“That should wealth, culture and character come to the great body of the Negroes, all trace of race prejudice would disappear from our Southern section as effectually as it has been obliterated in Portugal and the Latin countries.”[277]
If Washington happened then to hold the same view as the above, even without expressing it, there was no discord between him and his lieutenant, Fortune, and therefore, while Mr. Stone was pondering the problem of the mulatto, Washington, looking with steady eye toward the future infusion of virile blood, cried to the applauding white people of the South;—“Cast down your bucket where you are.”
Is it for the best interest of all that the bucket should be cast down where we of the South are now?
By the census of 1900, Mr. Stone’s State was the one State of the three, South Carolina, Mississippi and Louisiana with a Negro majority in 1890, which showed no improvement in this respect.

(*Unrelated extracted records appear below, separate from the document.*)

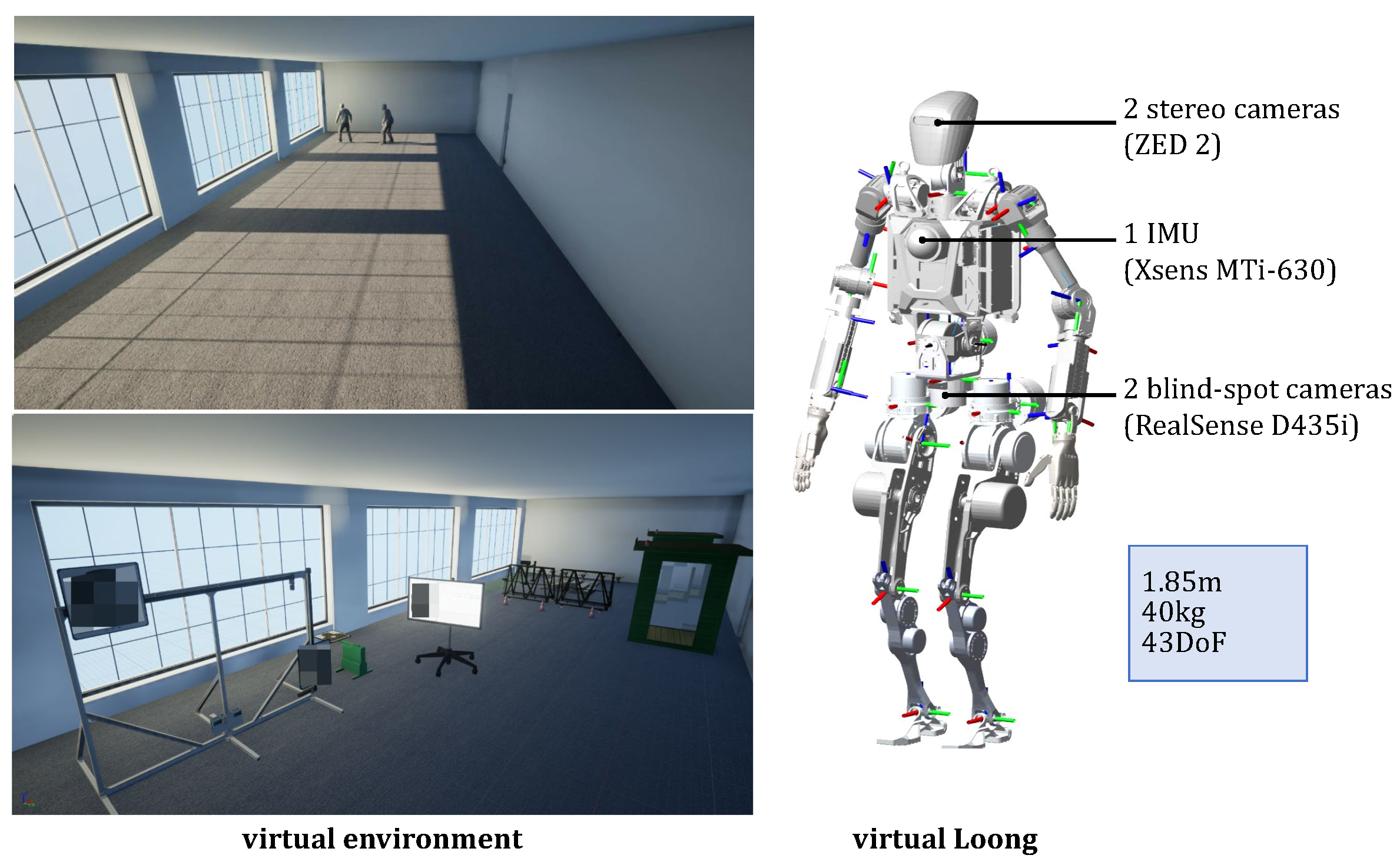 https://www.openloong.org.cn/cn/documents/robot/product_introduction (accessed on 13 October 2025) is an open-source bionic humanoid robot with 43 degrees of freedom (DoF), a height of 1.85 m, and a weight of 40 kg. Featuring a human-like joint design focused on the hip, waist, knee, and ankle regions, Loong is capable of fast walking, agile obstacle avoidance, stable uphill/downhill traversal, and robust impact resistance. To digitally represent Loong, we simplify the full-scale 3D model by reducing the number of faces and vertices and replicate its sensor setups. Specifically, two stereo cameras (ZED 2) are placed at Loong’s eyes, two blind-spot cameras (RealSense D435i, Intel Corporation, Santa Clara, CA, USA) are mounted at the middle of the body, and an IMU (Xsens MTi-630, Xsens, Enschede, The Netherlands) is positioned in the chest area.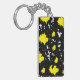 This keychain features an abstract design of irregular shapes resembling yellow and black spots on a white background, blending creativity with minimal elegance.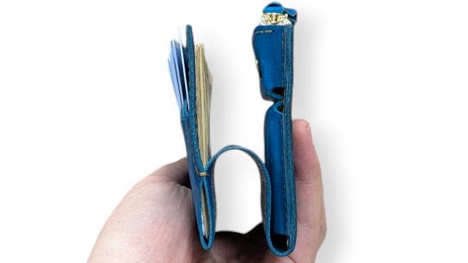 スリットポケットに12枚、スタックポケットに8枚、隠しポケットに2枚収納すると、合計22枚ものカードを収納できます。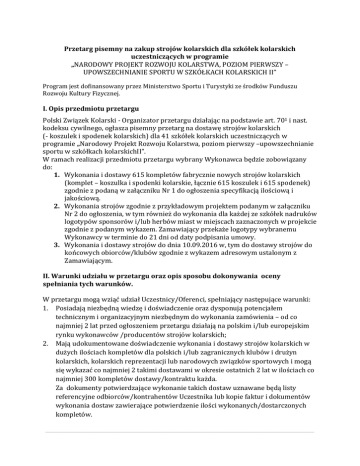 Przetarg pisemny na zakup strojów kolarskich dla szkółek kolarskich uczestniczących w programie „NARODOWY PROJEKT ROZWOJU KOLARSTWA, POZIOM PIERWSZY – UPOWSZECHNIANIE SPORTU W SZKÓŁKACH KOLARSKICH II” Program jest dofinansowany przez Ministerstwo Sportu i Turystyki ze środków Funduszu Rozwoju Kultury Fizycznej. I. Opis przedmiotu przetargu Polski Związek Kolarski - Organizator przetargu działając na podstawie art. 701 i nast. kodeksu cywilnego, ogłasza pisemny przetarg na dostawę strojów kolarskich (- koszulek i spodenek kolarskich) dla 41 szkółek kolarskich uczestniczących w programie „Narodowy Projekt Rozwoju Kolarstwa, poziom pierwszy –upowszechnianie sportu w szkółkach kolarskichII”. W ramach realizacji przedmiotu przetargu wybrany Wykonawca będzie zobowiązany do: 1. Wykonania i dostawy 615 kompletów fabrycznie nowych strojów kolarskich (komplet – koszulka i spodenki kolarskie, łącznie 615 koszulek i 615 spodenek) zgodnie z podaną w załączniku Nr 1 do ogłoszenia specyfikacją ilościową i jakościową. 2. Wykonania strojów zgodnie z przykładowym projektem podanym w załączniku Nr 2 do ogłoszenia, w tym również do wykonania dla każdej ze szkółek nadruków logotypów sponsorów i/lub herbów miast w miejscach zaznaczonych w projekcie zgodnie z podanym wykazem. Zamawiający przekaże logotypy wybranemu Wykonawcy w terminie do 21 dni od daty podpisania umowy. 3. Wykonania i dostawy strojów do dnia 10.09.2016 w, tym do dostawy strojów do końcowych obiorców/klubów zgodnie z wykazem adresowym ustalonym z Zamawiającym. II. Warunki udziału w przetargu oraz opis sposobu dokonywania oceny spełniania tych warunków. W przetargu mogą wziąć udział Uczestnicy/Oferenci, spełniający następujące warunki: 1. Posiadają niezbędną wiedzę i doświadczenie oraz dysponują potencjałem technicznym i organizacyjnym niezbędnym do wykonania zamówienia – od co najmniej 2 lat przed ogłoszeniem przetargu działają na polskim i/lub europejskim rynku wykonawców /producentów strojów kolarskich; 2. Mają udokumentowane doświadczenie wykonania i dostawy strojów kolarskich w dużych ilościach kompletów dla polskich i/lub zagranicznych klubów i drużyn kolarskich, kolarskich reprezentacji lub narodowych związków sportowych i mogą się wykazać co najmniej 2 takimi dostawami w okresie ostatnich 2 lat w ilościach co najmniej 300 kompletów dostawy/kontraktu każda. Za dokumenty potwierdzające wykonanie takich dostaw uznawane będą listy referencyjne odbiorców/kontrahentów Uczestnika lub kopie faktur i dokumentów wykonania dostaw zawierające potwierdzenie ilości wykonanych/dostarczonych kompletów. ____________________________________________________________________________________________________ Realizacja w/w dostaw może być wykazana kopiami dokumentów, faktur, pisemnymi potwierdzeniami realizacji dostaw od kontrahentów lub na zasadzie pisemnego oświadczenia Uczestnika/Oferenta, w którym należy podać nazwy i adresy odbiorców, terminy i wielkości dostaw oraz kontakty do osób reprezentujących odbiorców, które mogłyby potwierdzić realizację takich dostaw. 3. Nie zalegają z zapłatą podatków i składek na ubezpieczenie społeczne i przedstawią aktualne (wydane nie później niż 3 miesiące przed datą przetargu) zaświadczenie właściwego Urzędu Skarbowego oraz właściwego oddziału Zakładu Ubezpieczeń Społecznych lub Kasy Rolniczego Ubezpieczenia Społecznego potwierdzające odpowiednio, że Uczestnik nie zalega z opłacaniem podatków, opłat oraz składek na ubezpieczenie zdrowotne lub społeczne. 4. Przedstawią aktualny odpis z właściwego rejestru albo aktualne zaświadczenie o wpisie do ewidencji działalności gospodarczej. 5. Akceptują warunki umowy, która stanowi załącznik Nr 3 do ogłoszenia. Warunki opisane w pkt. 1 – 3 będą oceniane przez Organizatora na podstawie przedstawionych dokumentów według zasady spełnia /nie spełnia. Oferta Uczestnika nie spełniającego któregokolwiek z tych warunków zostanie odrzucona. Organizator zastrzega możliwość zmiany zarówno warunków jak i treści ogłoszenia. III. Informacje o sposobie porozumiewania się stron. W niniejszym przetargu wszelkie oświadczenia, wnioski, zawiadomienia oraz informacje przekazywane są przez strony pisemnie. Zawiadomienie o odrzuceniu ofert, wyborze oferty ewentualnie unieważnieniu postępowania, będą przesyłane również faksem. Informacje o wyborze oferty, ewentualnie o unieważnieniu postepowania będą również zamieszczone na stronie internetowej Organizatora. Osobą uprawnioną przez Organizatora do kontaktowania się z Uczestnikami jest: - p. Arkadiusz Bęcek – Sekretarz Generalny PZKol tel. 22 738 83 82, mobile 660 503 077, e-mail: [email protected] Pytania i uwagi można również kierować na adres e-mail: [email protected] IV. Termin związania ofertą. Termin związania ofertą wynosi 30 dni. V. Opis sposobu przygotowania oferty oraz oświadczeń i dokumentów załączonych do oferty. 1. Treść oferty musi odpowiadać treści ogłoszenia. W ofercie należy podać: - cenę netto i cenę brutto z VAT za 1 komplet strojów kolarskich (koszulka i spodenki). Cena podana w ofercie musi uwzględniać wszystkie koszty jakie ponosi Uczestnik w związku z realizacją zamówienia (w tym koszty wykonania logotypów oraz koszty dostawy do wskazanych odbiorców). - dokładną specyfikację materiałową oferowanych strojów – materiał z jakiego są wykonane koszulki i spodenki oraz materiał wkładki w spodenkach (dodatkowo należy zamieścić zdjęcia oferowanego modelu koszulki i spodenek) ____________________________________________________________________________________________________ 2. 3. 4. 5. 6. 7. 8. 9. - opis ogólnych warunków gwarancji jakiej Uczestnik udzieli na zakupione u niego stroje (w szczególności na nadruki). - podpisane przez Uczestnika 2 egzemplarze „ślepej umowy”.

Louisiana’s Negro majority of 789 had given place to a white majority of 78,808; South Carolina’s tremendous Negro majority of 226,926 had at last felt the beginning of the ebb, and was 225,415; but Mississippi’s 197,708 had risen to 266,430, and, therefore, in Mississippi were the very worst conditions and those most fruitful for race friction; for Mr. Stone has declared:
“A primary cause of race friction is the vague rather intangible, but wholly real feeling of ‘pressure’ which comes to the white man almost instinctively in the presence of a mass of people of a different race. In a certain important sense, all racial problems are distinctly problems of racial distribution.... So today, no State in the Union would have separate car laws where the Negro constituted only 10 or 15 percent of its total population.”[278]
In another lecture Mr. Stone had declared:
“Negroes constitute practically a third of the population in the South both city and country. In the North they constitute but one fortieth of the city population and only an insignificant, really negligible one-ninetieth of that of the country.”
Yet, Mr. Stone quotes as an authority, Booker T. Washington, who declared:
“If we were to move four millions of the eight millions of Negroes from the South into the North and West ... a problem would be created far more serious and complicated than any now existing in the Southern States.”[279]